Cameron’s example

Prime Minister David Cameron, who was in the remain camp, quit after Britons voted for Brexit. The reason he gave for resigning was that he felt that those who campaigned against him should be the ones who should oversee Britain’s exit from the EU.

Was there a need for him step down?  There’s nothing in British law to say that he should resign. It was a personal decision. Yet, it was consistent with the democratic tradition of stepping down when you realise that you can’t lead a people who want different things from you.

People put leaders in positions to lead because they believe that it is in their best interests that they should lead them. When it is clear that the leader really can not lead in the way the people want, the leader with integrity would resign, as did Cameron.

If Cameron had been more interested in clinging to power, perhaps, he might not have resigned. He may have given the reasons we so often hear in Malaysia: “There’s no law to say that he must resign”, “He didn’t do anything wrong, so, he doesn’t have to resign” or “Why should he resign; it’s all a political campaign to get him out!” All of the above may be true, but, if, as a leader, you realise that you really can’t lead the people in the direction they are desiring to go, you step down.

Whatever Cameron’s real reasons, it is clear that he understood that he, really, wasn’t the person to lead Britain out of the EU. He wanted Britain to remain in the EU but there were two distinct camps and he decided on a referendum to decide if there was a majority. As the incumbent government, he could have influenced the Brexit camp to change their mind by using government resources to influence their decisions but that would have triggered a political tsunami which would have eventually caused him the premiership. Besides, the British electorate is fairly politically sophisticated and would have seen through the ruse and exposed him.

Apart from the accepted modes of campaign, such as debates and discussion and the presentation of facts, Cameron’s Tory Party left it to the voters to decide for themselves in an environment free of political manipulations. That is the point of a democracy — creating an environment where people are free to vote as they want to without being bought or pressured.

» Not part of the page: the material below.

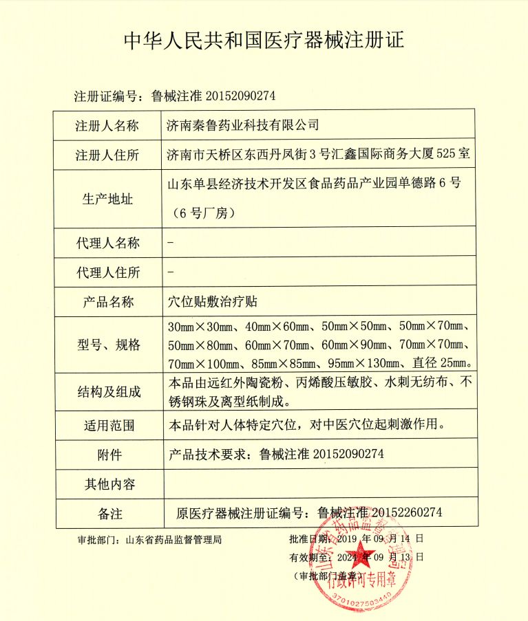 | 產(chǎn)品賣點 | 三伏貼生產(chǎn)廠家濟(jì)南秦魯藥業(yè)科技有限公司面向全國招商,產(chǎn)品文號為二類器械文號,中標(biāo)掛網(wǎng),可以點配送,產(chǎn)品品質(zhì)保障,詳詢15610189280 |
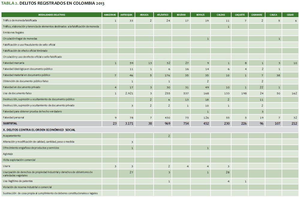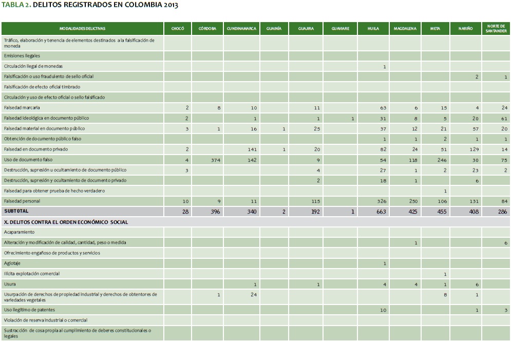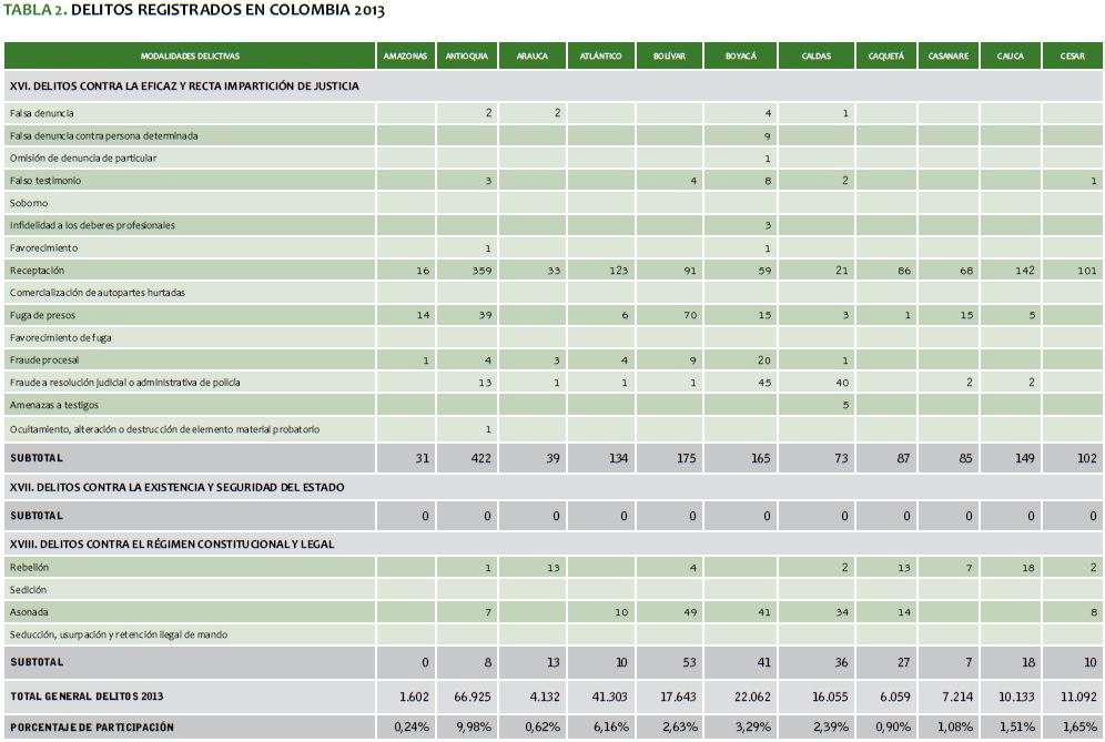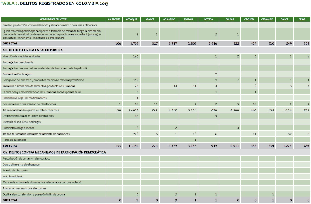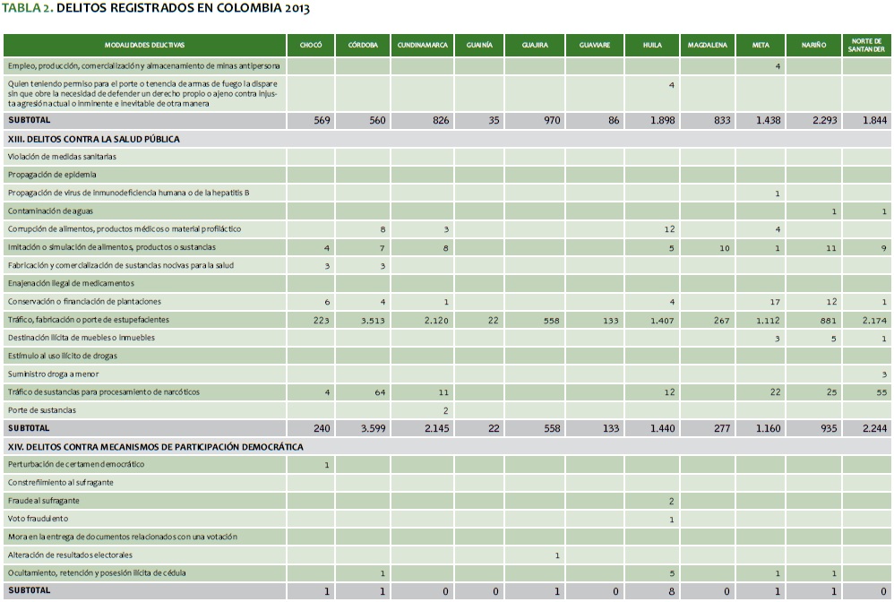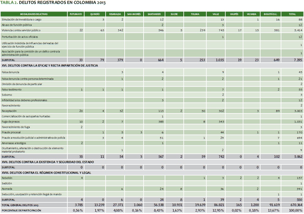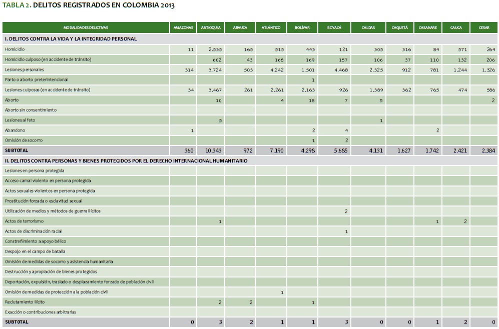 TABLA 2. DELITOS REGISTRADOS EN COLOMBIA 2013

It is the government’s responsibility to create such an environment. And Cameron’s government did just that. The Brexit referendum was a laudable act of democracy.

Once a precedent is set when incumbent leaders “buy votes” with timely monetary aid and promises, the practice tends to spread. Other leaders would do the same. Then, the people will longer be free to vote as they wish. Influenced by their leaders and their promises, the people will be obliged to vote in favour of these leaders. They may not like what they are doing but they may feel like they have no choice. The outcome of such a vote will not reflect the true yearnings of the people.

A democratic government will create an environment where the people will be free and unencumbered to vote as they wish. It is a political culture that needs to be nurtured and, when achieved, protected at all cost. It ensures political stability even when the vote goes contrary to the interests of the leaders.